Гроб с телом еще не прибыл. Мужчины и женщины, разбившись на небольшие группки, прохаживались около клуба, где должна была происходить печальная церемония. Среди этой разноликой толпы было немало тех, кто лишь изображал скорбь, кто появился на панихиде по необходимости или решил соблюсти правила приличия. Что касается меня, то я пришел проводить в последний путь друга детства — того, кто представлялся мне в те годы совершенством, на кого я хотел походить, хотя ни разу тогда не признался в этом даже себе.
Так же одиноко, неприкаянно, как и я, стояла женщина — небольшого росточка, кругленькая, с пухлыми щеками, в которых утопал маленький нос, в каштановом парике — она придерживала его, когда поднимался ветер. Одета была женщина дорого, модно, но крикливо, словно бы напоказ. Я не сомневался: бриллианты в ее серьгах настоящие, все на ней сверкало, блестело — и лакированные туфли на низком каблуке, и пряжка на поясе, и кольца на толстеньких, как сардельки, пальцах. Женщины бросали на нее завистливые взгляды, мужчины, должно быть, прикидывали, сколько деньжищ ухлопано на все то, что надето и навешано на ней.

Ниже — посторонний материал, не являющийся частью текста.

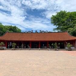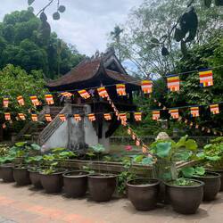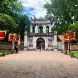Dafür startete der Tag heute voller Energy. Frühstück auf der Rooftopbar und danach ging es zu Fuß durch die Stadt. Uns überraschte, dass wenig Leute hier Englisch können. Zudem bleibt meine bisherige Meinung zum Straßenverkehr. Allein als Fußgänger die Straße zu kreuzen, grenzt schon an einer Mutprobe. Ich hab mich heut nicht getraut rüber zu laufen & hab auf nen Einheimischen gewartet, damit ich dicht an ihm über die Straße komme😅 Gegensätzlich dazu gibt es hier auch sehr friedliche, idyllische und bunte Orte. Der Temple of literature hat mir persönlich am besten gefallen und uns einen guten Eindruck gegeben, was uns hier so erwartet. Mein Highlight war ja,dass Robins Hose zu kurz war und er jetzt auch mit so nem schicken Sarong rumläuft 😁 Er war nicht begeistert. Sogar so Security Leute haben ihn ausgelacht aber ich hab brav ein Foto davon gemacht & es hier als Titelbild verwendet 😅
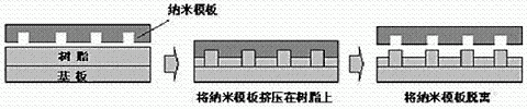 納米印刷技術的基本原理如圖1所(suo)示(shi),就(jiu)是(shi)把(ba)有(you)納(na)米(mi)級(ji)凹(ao)凸(tu)圖(tu)形(xing)的(de)模(mo)板(ban)擠(ji)壓(ya)在(zai)塗(tu)覆(fu)了(le)樹(shu)脂(zhi)薄(bo)膜(mo)的(de)基(ji)板(ban)上(shang),再(zai)在(zai)樹(shu)脂(zhi)薄(bo)膜(mo)的(de)表(biao)麵(mian)複(fu)製(zhi)凹(ao)凸(tu)圖(tu)形(xing)。在(zai)普(pu)通(tong)的(de)納(na)米(mi)印(yin)刷(shua)技(ji)術(shu)中(zhong),能(neng)等(deng)倍(bei)複(fu)製(zhi)模(mo)板(ban),而(er)在(zai)高(gao)寬(kuan)比(bi)納(na)米(mi)印(yin)刷(shua)技(ji)術(shu)中(zhong),則(ze)能(neng)形(xing)成(cheng)高(gao)出(chu)納(na)米(mi)模(mo)板(ban)凹(ao)部(bu)的(de)結(jie)構(gou)體(ti)。

Таких женщин я терпеть не мог, очень скоро перестал глазеть на нее и вдруг почувствовал — она посматривает на меня, и не просто посматривает, а посматривает с любопытством. Я мог побожиться — никогда не встречался с ней, но приосанился и даже чуточку выпятил грудь: приятно, черт побери, когда на тебя, почти старика, пялится женщина, да к тому же разодетая в пух и прах.
Женщина продолжала посматривать на меня, ей, кажется, не приходило в голову, что это бросается в глаза. Хотел повернуться к ней спиной, но решил: неприлично.
Через некоторое время к женщине направился приехавший на такси полковник в форме летчика. «Муж», — подумал я. Обменявшись с ним поцелуем в щеку, женщина принялась что-то говорить ему, показывая на меня глазами. Кинув на меня взгляд, полковник подошел, назвал себя. Я растерялся, не сразу поверил, что он — Сиротин. От прежнего Петьки в этом человеке ничего не было. Рост, ширина плеч, голос, жесты, выражение глаз — все было другое, непривычное.